# Machine Learning
_(by Standford University)_

**WEEK 2**

Course of introduction to machine learning offered by Standford University on [Coursera.org](https://www.coursera.org/learn/machine-learning). These are **notes** and **comments** based on lectures and assignments.

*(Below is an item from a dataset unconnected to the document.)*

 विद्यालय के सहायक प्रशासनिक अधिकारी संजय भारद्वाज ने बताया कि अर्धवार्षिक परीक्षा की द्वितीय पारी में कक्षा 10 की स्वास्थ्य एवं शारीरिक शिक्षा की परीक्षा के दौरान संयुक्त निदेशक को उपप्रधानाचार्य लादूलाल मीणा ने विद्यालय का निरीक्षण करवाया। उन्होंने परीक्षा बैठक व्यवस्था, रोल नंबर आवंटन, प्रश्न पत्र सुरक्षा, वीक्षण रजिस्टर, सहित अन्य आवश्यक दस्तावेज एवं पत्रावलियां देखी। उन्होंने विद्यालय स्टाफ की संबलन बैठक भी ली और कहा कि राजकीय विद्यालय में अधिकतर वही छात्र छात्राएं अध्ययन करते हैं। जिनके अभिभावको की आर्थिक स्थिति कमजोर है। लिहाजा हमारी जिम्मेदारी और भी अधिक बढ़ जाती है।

The IPython kernel of choice is *Octave* since many exercises and assignments have been devised for that language.

## Multiple Features

### Notations

- $x$ is the full feature matrix;
- $x^{(i)}$ labels the i-th feature vector;
- $x^{(i)}_j$ labels the j-th component of the i-th feature vector;
- $\theta_j$ is the j-th component of the parameters vector;
- by definition $x^{(i)}_0 = 1$ $\forall i = 1, 2, \dots, m$ such that $h_{\theta}(x) = \theta^T x$ (that is, we add one component to couple $\theta_0$, i.e. the intercept of the linear regression);
- the **cost function** now becomes $J(\theta) = \frac{1}{2 m} \sum\limits_{i = 1}^m ( h_{\theta}( x^{(i)} ) - y^{(i)} )^2$;
- the **gradient descent** now reads $\theta_j' = \theta_j - \frac{\alpha}{m} \sum\limits_{i = 1}^m ( h_{\theta}( x^{(i)} ) - y^{(i)} ) x^{(i)}_j$.

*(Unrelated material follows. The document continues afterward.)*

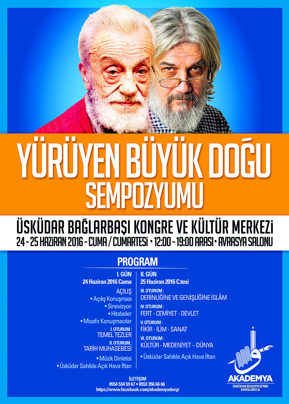 23-24 Haziran tarihleri arasında Üsküdar Belediyesi Bağlarbaşı Kongre ve Kültür Merkezi’nde Yürüyen Büyük Doğu Sempozyumu’nda buluşmak üzere.

### Convergence and Scaling

- **gradient descent** can converge quickly if the features are on a similar **scale** (graphically: the level curves of the cost functions are wider);
- we roughly want to have all features in $-1 \le x_j \le 1$. The way we do it is by rescaling $x_j \mapsto \frac{x_j - \mu_j}{s_j}$ ($s_j$ is the range of variation of the feature $x_j$);
- the **cost function** should decrease after every iteration (we can stop at the plateau, e.g. when the difference between iteration is smaller than a small parameter $\epsilon$);
- a crescent or oscillating $J(\theta)$ are usually a hint that the **learning rate** $\alpha$ should be smaller (notice that if $\alpha$ is too small, than the convergence will require a lot of time) since for appropriate $\alpha$, $J(\theta)$ should be always decreasing.

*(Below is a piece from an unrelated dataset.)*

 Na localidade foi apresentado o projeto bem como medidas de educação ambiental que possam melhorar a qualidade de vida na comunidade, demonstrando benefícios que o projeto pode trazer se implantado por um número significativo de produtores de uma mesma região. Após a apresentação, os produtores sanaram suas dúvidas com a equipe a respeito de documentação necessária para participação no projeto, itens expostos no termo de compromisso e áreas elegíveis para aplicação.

### Features Selection and Polynomial Regression

- given my features, I can create new features as combinations of the given input;
- with the same idea in mind, I can use polynomial models to fit my data (notice that **feature scaling** becomes increasingly important in this case)

### Normal Equation

- alternative to **gradient descent** (does not need iteration);
- find the minimum of the cost function for linear regression analytically: $\theta = ( X^T X )^{-1} X^T y$, where $X$ is the **design matrix** made of the feature verctors on the lines;

In [3]:
% given a matrix X and a vector y, we can compute the normal equation
X = [ 1, 145, 165; 1, 323, 123; 1, 345, 234 ]
y = [ 3; 5; 6 ]

th = pinv( X' * X ) * X' * y

X =

     1   145   165
     1   323   123
     1   345   234

y =

   3
   5
   6

th =

   0.0800696
   0.0127647
   0.0064791



- it may usually be a good idea to revert to **gradient descent** if the no. of features is $\ge 10000$, since $X^T X \in \mathbb{M}^{n \times n}( \mathbb{R} )$ is a large matrix to invert (and inversion is an algorithm which scales as $O(n^3)$ in this case).